> _Problem details_
In the records below, find the line with "50kg에 적용 가능)", then retype it and every following line exactly, stopping after the line with "KENELM CHILLINGLY HIS". Leave the pictures out.

> _Data supplied_
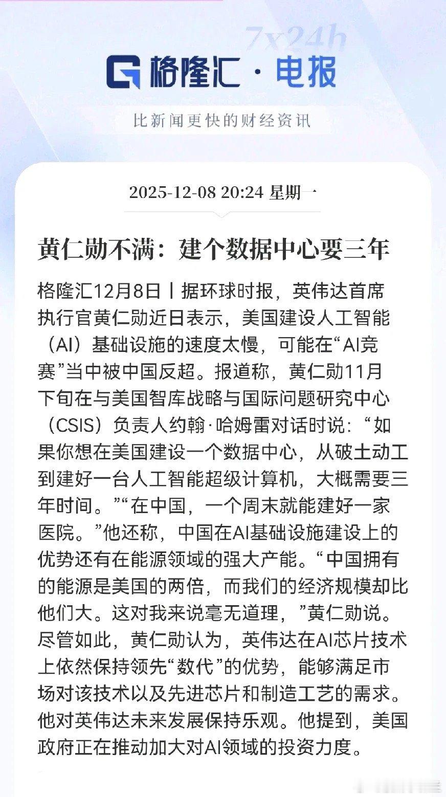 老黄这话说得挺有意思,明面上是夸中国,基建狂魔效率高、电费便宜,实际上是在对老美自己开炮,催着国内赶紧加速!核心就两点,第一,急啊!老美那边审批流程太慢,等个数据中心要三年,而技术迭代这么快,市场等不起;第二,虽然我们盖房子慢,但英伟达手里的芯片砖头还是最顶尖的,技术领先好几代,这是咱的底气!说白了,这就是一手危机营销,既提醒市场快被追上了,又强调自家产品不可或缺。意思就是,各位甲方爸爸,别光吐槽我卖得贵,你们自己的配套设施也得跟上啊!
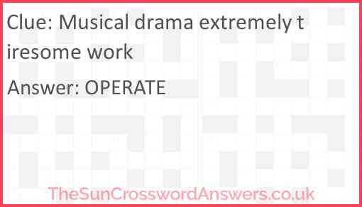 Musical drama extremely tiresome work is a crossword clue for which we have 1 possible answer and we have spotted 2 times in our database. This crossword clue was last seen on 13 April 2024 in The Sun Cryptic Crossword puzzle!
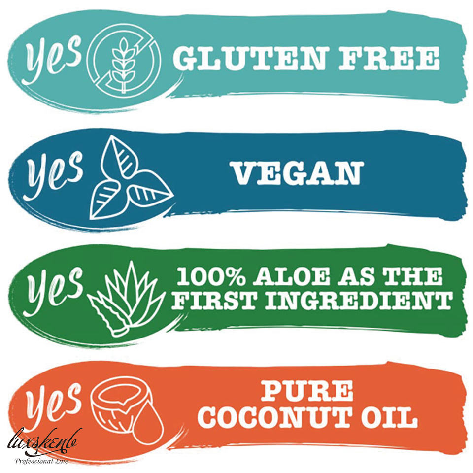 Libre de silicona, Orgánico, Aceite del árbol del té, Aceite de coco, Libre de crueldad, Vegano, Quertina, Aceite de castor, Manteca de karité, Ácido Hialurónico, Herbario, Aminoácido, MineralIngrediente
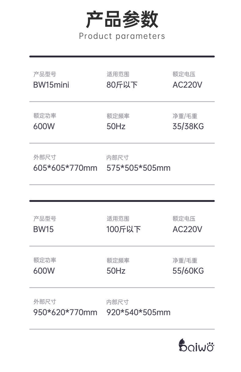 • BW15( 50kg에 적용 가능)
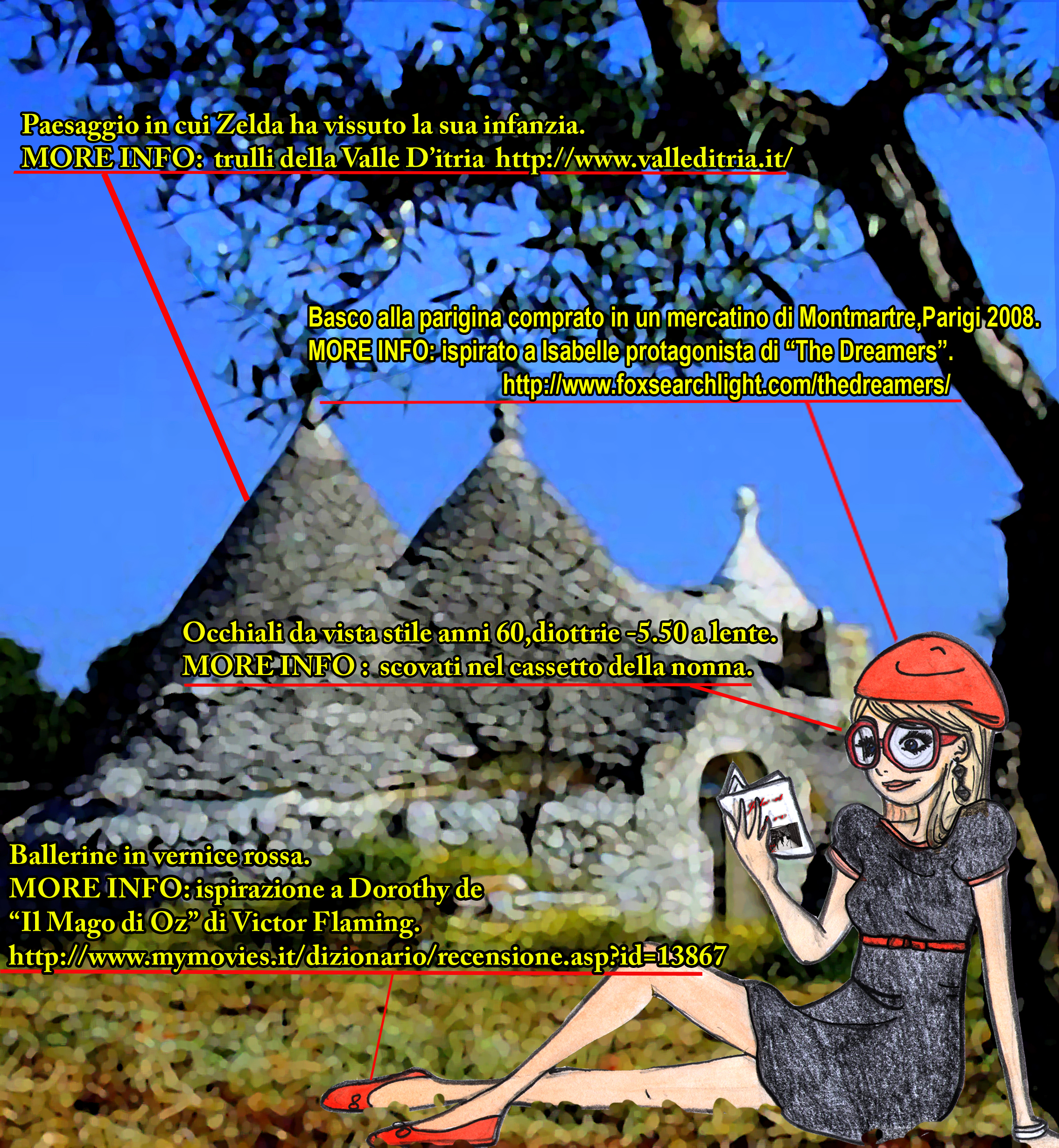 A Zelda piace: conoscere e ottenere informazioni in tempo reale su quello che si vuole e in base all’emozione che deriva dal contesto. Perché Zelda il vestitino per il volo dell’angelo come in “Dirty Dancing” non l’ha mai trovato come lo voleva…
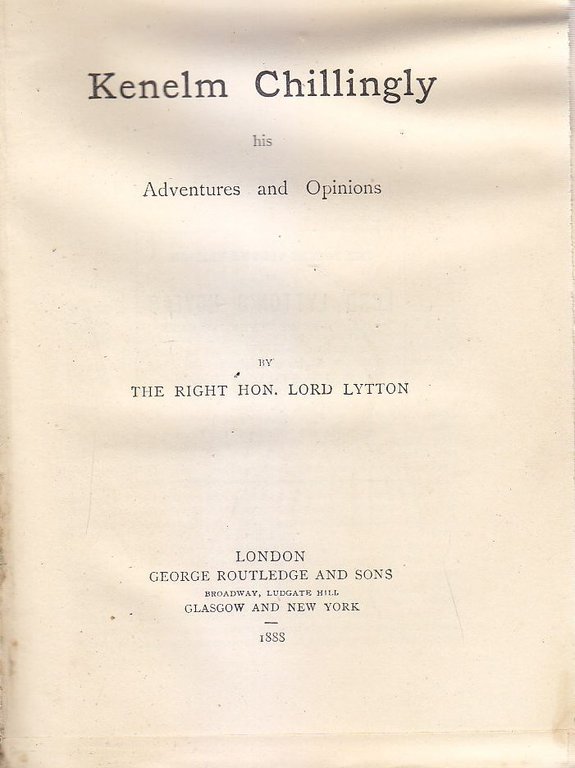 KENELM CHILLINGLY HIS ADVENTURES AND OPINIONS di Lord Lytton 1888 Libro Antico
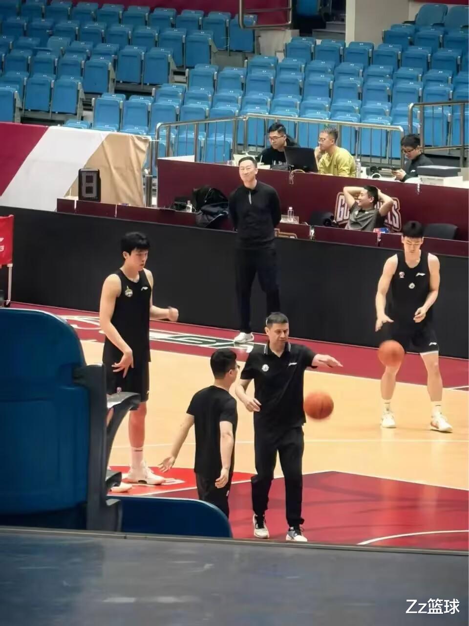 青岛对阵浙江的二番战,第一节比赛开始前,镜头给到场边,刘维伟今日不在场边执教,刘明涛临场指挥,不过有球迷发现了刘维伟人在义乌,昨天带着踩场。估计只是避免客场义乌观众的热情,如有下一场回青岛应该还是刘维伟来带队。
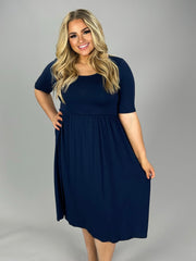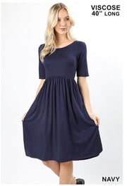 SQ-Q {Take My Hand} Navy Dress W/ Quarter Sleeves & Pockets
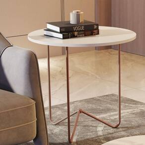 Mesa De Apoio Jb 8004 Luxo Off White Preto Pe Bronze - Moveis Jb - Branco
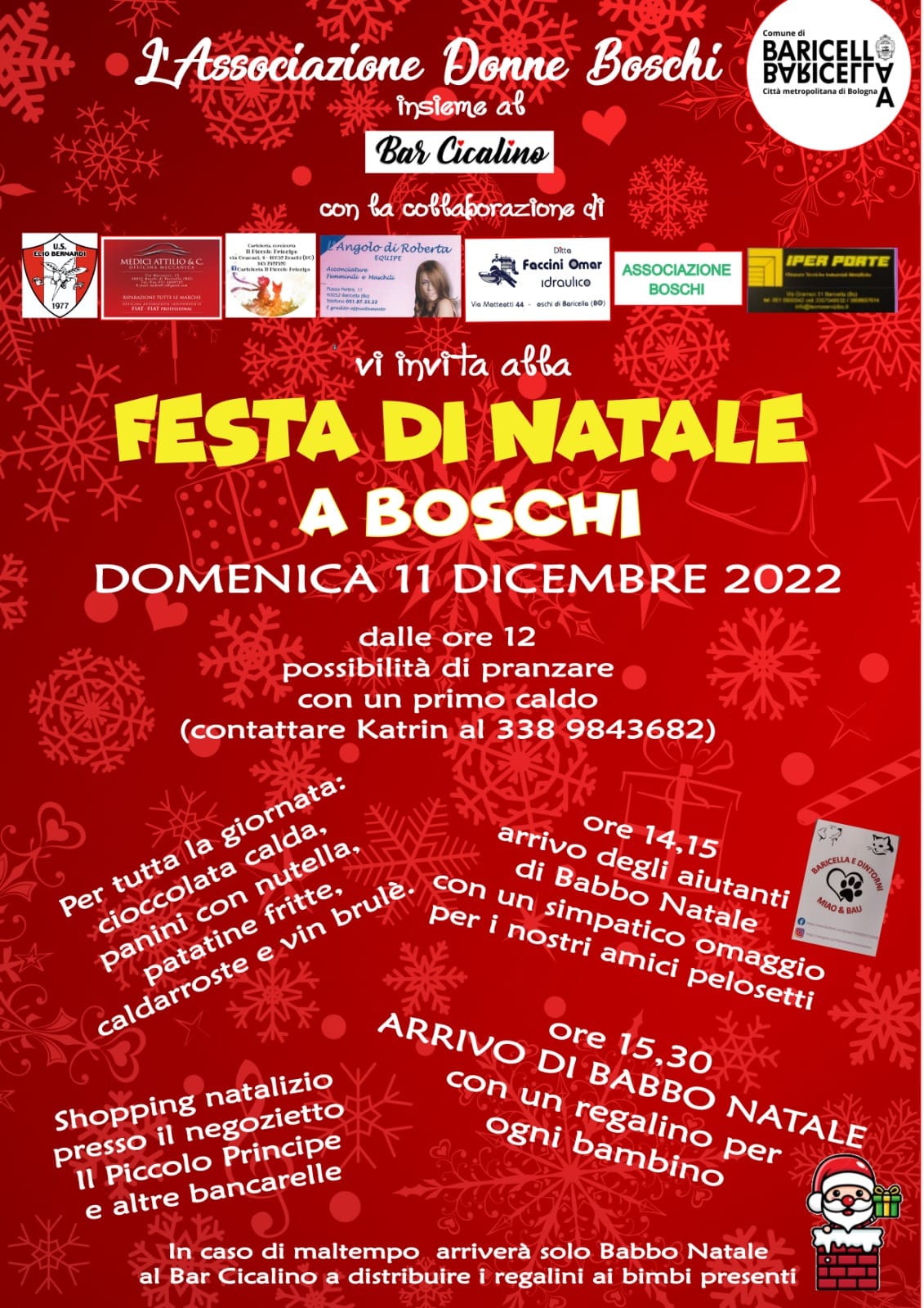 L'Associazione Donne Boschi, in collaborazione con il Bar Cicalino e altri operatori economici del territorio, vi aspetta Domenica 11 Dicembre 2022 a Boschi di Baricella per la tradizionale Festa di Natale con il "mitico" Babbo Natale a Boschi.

> _Response to the exercise_
 • BW15( 50kg에 적용 가능)
 A Zelda piace: conoscere e ottenere informazioni in tempo reale su quello che si vuole e in base all’emozione che deriva dal contesto. Perché Zelda il vestitino per il volo dell’angelo come in “Dirty Dancing” non l’ha mai trovato come lo voleva…
 KENELM CHILLINGLY HIS ADVENTURES AND OPINIONS di Lord Lytton 1888 Libro Antico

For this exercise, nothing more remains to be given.